Organizations participating in the EHR “meaningful use” plan already have a compelling incentive to “conduct or update a security risk analysis” but with or without meaningful use, this is a mandatory requirement for all covered entities and business associates, taken verbatim from the HIPAA Security Rule itself.
And as you may know, organizations are required to report breaches affecting 500 or more individuals to HHS, along with details of the breach – where the entire incident is then posted publicly on the HHS website on their so-called “wall of shame”.

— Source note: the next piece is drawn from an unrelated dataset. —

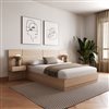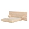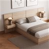 This elegant queen bed redefines luxury, featuring an opulent headboard with integrated extension panels and floating nightstands, all highlighting the exquisite beauty of natural oak. Designed to evoke a sense of awe, this piece perfectly integrates a rare high-end appearance with contemporary Zen aesthetics. Crafted from high-quality engineered wood, the platform bed boasts centre supports and a hidden plinth base. The panel design of the headboard adds allure, while the nightstands offer convenient storage for bedside essentials. No box spring is required, and assembly is effortless with doorstep delivery included. Enjoy the ideal blend of style and functionality with this chic bedroom ensemble, backed by a one-year warranty for peace of mind.

And a third factor is that OCR and States Attorneys’ offices now have the ability to penalize healthcare providers for failing an audit. This is level of scrutiny is not likely to dissipate anytime soon; if anything, there is more likelihood than ever that a breach or lack of risk management can have disastrous consequences.

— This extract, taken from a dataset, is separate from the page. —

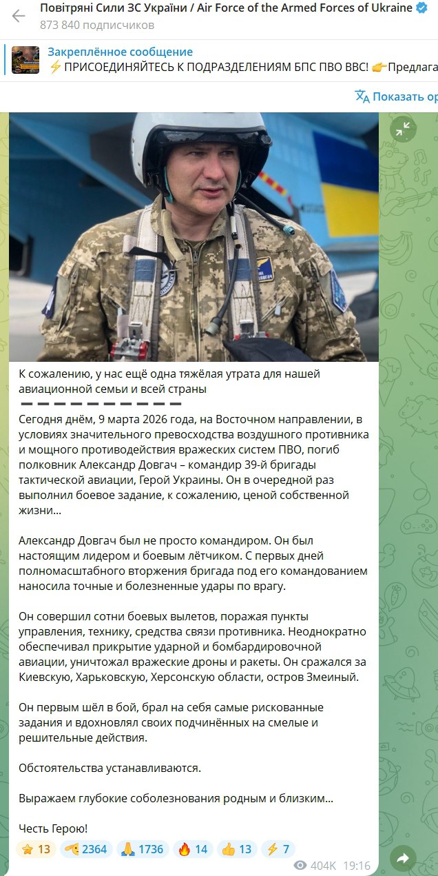Сегодня на Восточном направлении погиб лётчик Александр Довгач, командир 39-й бригады тактической авиации, Герой Украины. Он выполнял боевую задачу, — заявляют Воздушные силы ВСУ.Полковник Довгач погиб 9 марта "в условиях значительного превосходства...

In addition to this trifecta of incentives to focus on security, there’s also the reality that breaches are happening every day. In fact 60% of hospitals had more than two data breaches in the past two years. This is likely because over 2 thirds of hospitals don’t have the proper policies and controls to detect and respond to breaches, according to a recent Ponemon research study.

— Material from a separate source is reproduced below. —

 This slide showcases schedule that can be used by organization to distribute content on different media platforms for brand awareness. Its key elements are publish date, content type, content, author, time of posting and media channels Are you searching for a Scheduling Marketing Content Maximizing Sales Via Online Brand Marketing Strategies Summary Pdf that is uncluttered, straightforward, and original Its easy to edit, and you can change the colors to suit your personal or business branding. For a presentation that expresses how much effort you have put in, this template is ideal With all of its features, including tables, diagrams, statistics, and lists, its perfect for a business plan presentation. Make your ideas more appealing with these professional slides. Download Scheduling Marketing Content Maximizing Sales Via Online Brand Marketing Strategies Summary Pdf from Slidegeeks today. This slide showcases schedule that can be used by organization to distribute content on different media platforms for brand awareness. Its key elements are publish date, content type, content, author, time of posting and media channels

Since the data breach notification regulations by HHS went into effect in September 2009, 435 (as of 7/15/2012) incidents affecting 500 or more individuals have been reported to HHS, according to its website. A total of over 20 million individuals have been affected by a large data breach since 2009. The regulations require a covered entity that discovers a reportable breach affecting 500 individuals or more to report the incident to the HHS Office of Civil Rights immediately.
A report recently released by Redspin, an IT security firm, states that data breaches stemming from employees losing unencrypted devices spiked 525 percent in the last year (2011) alone. This statistic confirms that devices, including laptops, tablets and smartphones, pose a very high risk for a data breach. Redspin reported that eighty-one percent of healthcare organizations now use smartphones, iPads, and other tablets, but forty-nine percent of respondents in a recent healthcare IT poll by the Ponemon Institute said that nothing was being done to protect the data on those devices. In a study published in 2011, the Ponemon Institute found that the cost of a data breach was $214 per compromised record and the average cost of a breach is $7.2 million.
Encryption of PHI is a major step a provider or institution can take to secure its sensitive patient data. Encryption is the use of an algorithmic process to transform data into a form in which there is a low probability of assigning meaning without use of a confidential process or key. According to a Guidance from HHS, if an entity encrypts its data in accordance with the National Institute of Standards and Technology standards for encryption, then any breach of the encrypted data falls within a safe harbor and does not have to be reported. This is an incredibly important safe harbor that could save an entity a lot of money.